Stories like this fill me with all sorts of warm fuzzies. /sarcasm
On the other hand, as an old Viet Nam boy who has listened to endless prattle about "the lessons of Viet Nam", I know what the lesson of Viet Nam is. The lesson is that the people of America have too much faith and trust in the Federal Government.
That's funny, but in what Johnny Carson used to call a "cerebral" way.
Its hard to say based only on this article, but you may be correct.
Everybody wants to scream that you wont hire someone that is smart, but when Mr. Smarty-pants bails out two months later because of boredom or a better offer a replacement will have to be recruited and trained.
When it happens in large numbers you have a problem.
I think this:
But I talked myself into going anyway, figuring I'd easily get the job and would at least have a paycheck until something in my field [deleted] finally came along.
Pretty much sums up his intentions.
Our company used to figure that for each new-hire we were out $1800 - $2000 on day one depending on the position.

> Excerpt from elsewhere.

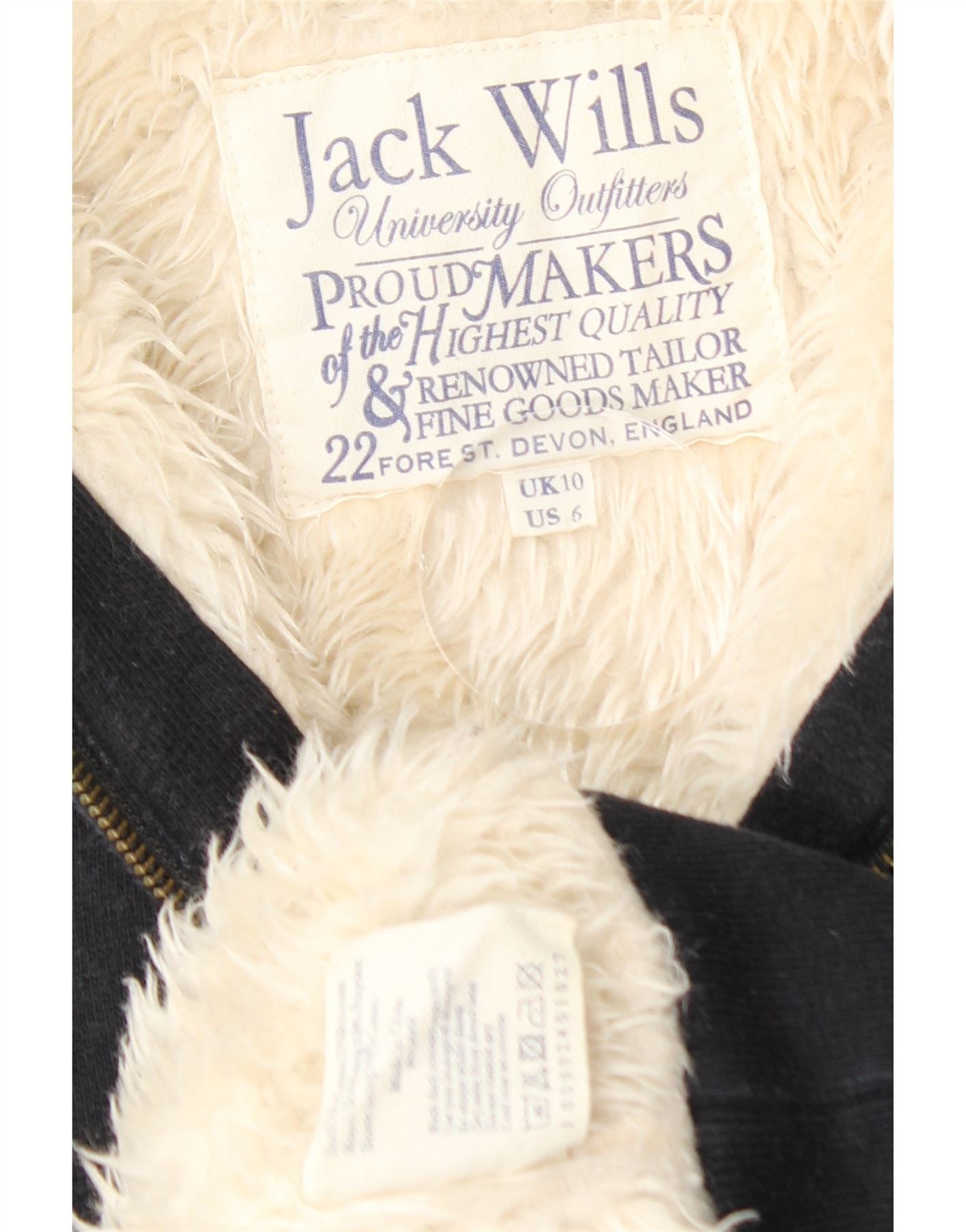 JACK WILLS Dame Grafisk Sherpa Hættetrøje Sweater med lynlås UK 10 Lille Sort

Those figures were for part-time positions. It included stuff like advertising, resume processing, initial screening, interviews, background checks, uniform ordering, documents that had to be signed and verified and filed, training - its not a cheap process. It takes up a lot of time and energy. You hope they stay around long enough to recover the money youve spent to hire them.
I wasn't contacted and, like this man, I'm grateful I wasn't.
But I don't get your reasoning, re the guy not having a record.